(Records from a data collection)
┌──
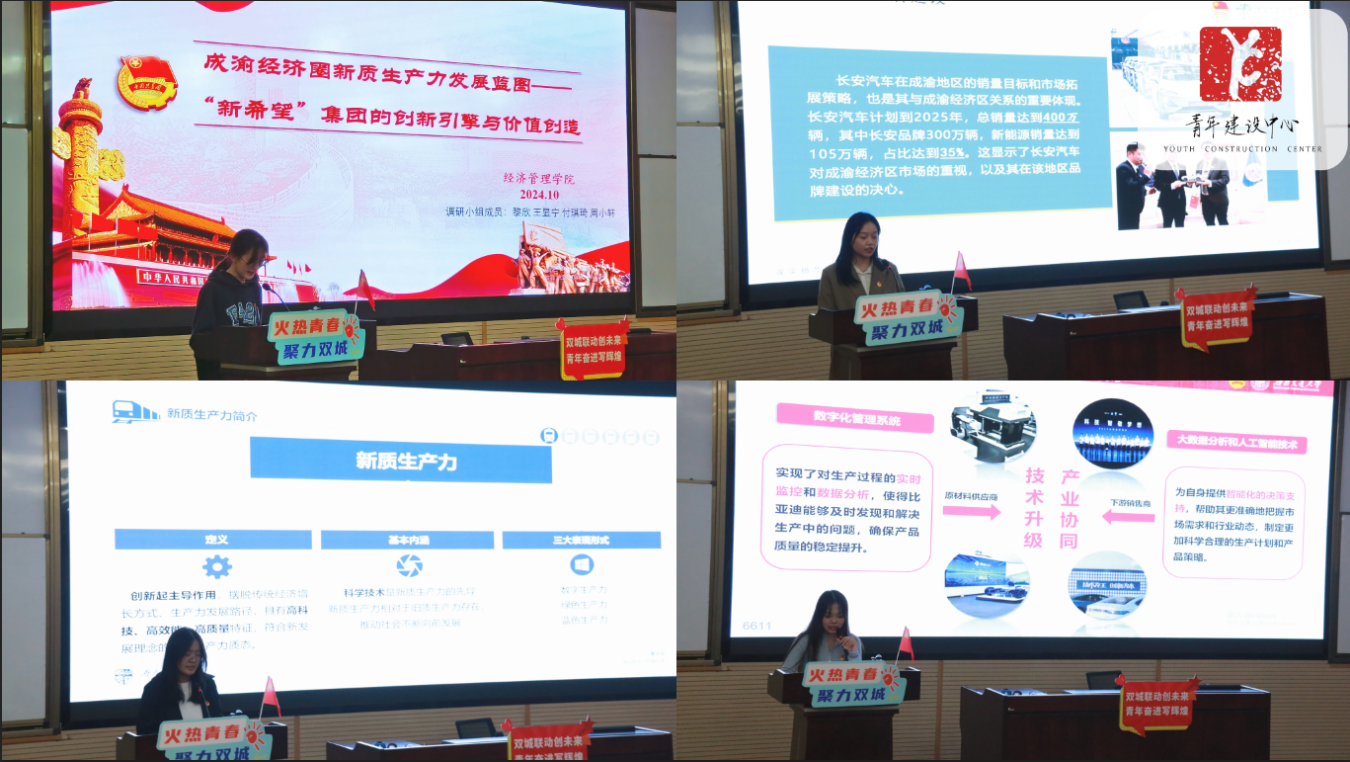 第五项议程——有用。个人分享报告结束后,付琦琪、丁洁、李博闻、李雪晴同学分别以“新希望”集团、长安汽车、宁德时代、比亚迪为例,分享小组调研结果和收获,让团员青年们了解了成渝双城经济圈中代表企业的新质生产力的发展情况,鼓励团员青年们在学以致用、实干有为的实践中找准时代定位、把握青年机遇,在互动共建、总结运用的联动中共建双城圈、携手一起走。
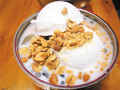 对于海南来说,夏天最不能少的是清补凉。除了海鲜,外地游客光顾最多的就是清补凉了。据说,清补凉最初只是椰子水加上红豆绿豆一些简单的原料,上个世纪20年代,归来的华侨带回了南洋的通心粉,也加在了清补凉里,后来又有薏仁、西米露等多达20多种配料,随客人的喜好随意搭配。
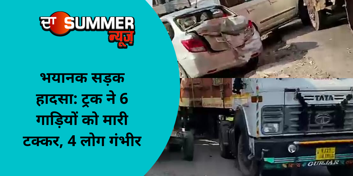 भयानक सड़क हादसा: ट्रक ने 6 गाड़ियों को मारी टक्कर, 4 लोग गंभीर
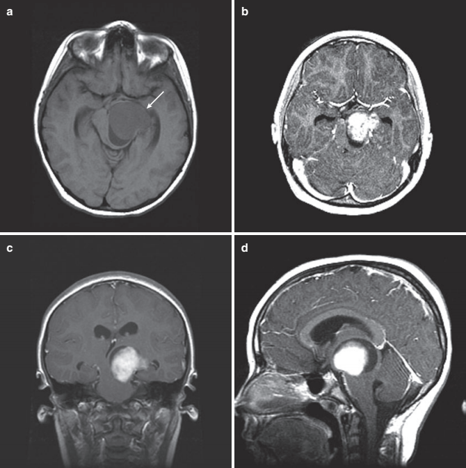 图4:12 岁女孩,进行性右侧肢体无力和共济失调3月。(a) 轴位T1 MRI 显示占位性病变占据脑干左侧被盖区(箭头)。(b)增强后,病灶明显均匀强化。(c) 冠状位T1 MRI增强后显示起源于左侧中脑被盖区的巨大病变,延伸到丘脑。有时,这些病灶被称为“丘脑大脑脚”病变。(d) 矢状位 T1 MRI增强后显示典型的局灶性中脑胶质瘤,中心强化。
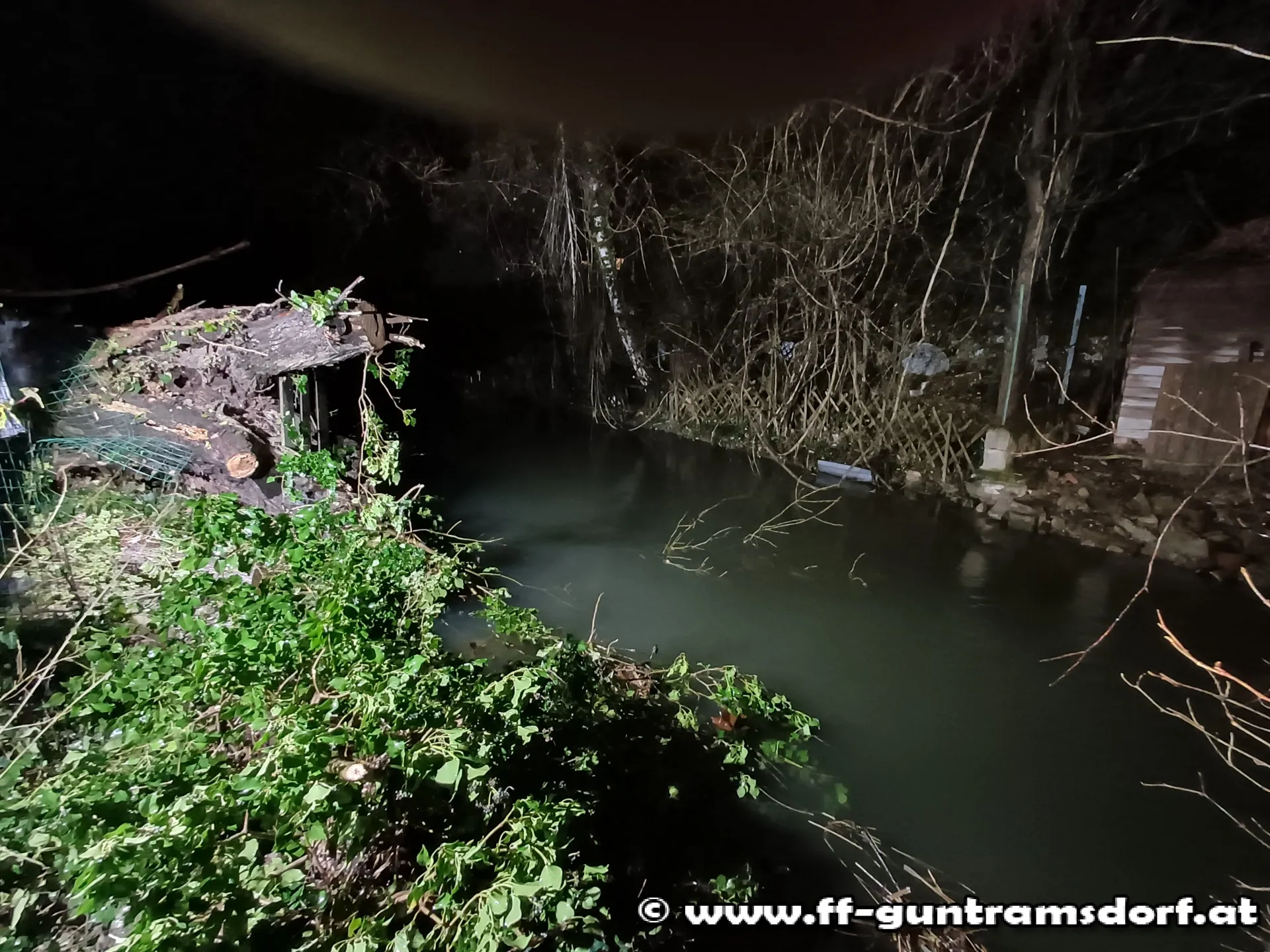 Im Zuge der Erkundung stellte sich heraus, dass eine Weide umgebrochen und über die gesamte Breite des Wiener Neustädter Kanals zu liegen gekommen war.
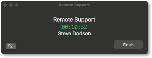 8. The duration of an admin session is set via the portal (15 minutes in this example) and the countdown timer ticks down to zero, at which time the session ends. The user can optionally end the session at any time once it has started by clicking Finish.
└──
# About this task
Without the pictures, give all the records above again exactly.

# Answer box
 第五项议程——有用。个人分享报告结束后,付琦琪、丁洁、李博闻、李雪晴同学分别以“新希望”集团、长安汽车、宁德时代、比亚迪为例,分享小组调研结果和收获,让团员青年们了解了成渝双城经济圈中代表企业的新质生产力的发展情况,鼓励团员青年们在学以致用、实干有为的实践中找准时代定位、把握青年机遇,在互动共建、总结运用的联动中共建双城圈、携手一起走。
 对于海南来说,夏天最不能少的是清补凉。除了海鲜,外地游客光顾最多的就是清补凉了。据说,清补凉最初只是椰子水加上红豆绿豆一些简单的原料,上个世纪20年代,归来的华侨带回了南洋的通心粉,也加在了清补凉里,后来又有薏仁、西米露等多达20多种配料,随客人的喜好随意搭配。
 भयानक सड़क हादसा: ट्रक ने 6 गाड़ियों को मारी टक्कर, 4 लोग गंभीर
 图4:12 岁女孩,进行性右侧肢体无力和共济失调3月。(a) 轴位T1 MRI 显示占位性病变占据脑干左侧被盖区(箭头)。(b)增强后,病灶明显均匀强化。(c) 冠状位T1 MRI增强后显示起源于左侧中脑被盖区的巨大病变,延伸到丘脑。有时,这些病灶被称为“丘脑大脑脚”病变。(d) 矢状位 T1 MRI增强后显示典型的局灶性中脑胶质瘤,中心强化。
 Im Zuge der Erkundung stellte sich heraus, dass eine Weide umgebrochen und über die gesamte Breite des Wiener Neustädter Kanals zu liegen gekommen war.
 8. The duration of an admin session is set via the portal (15 minutes in this example) and the countdown timer ticks down to zero, at which time the session ends. The user can optionally end the session at any time once it has started by clicking Finish.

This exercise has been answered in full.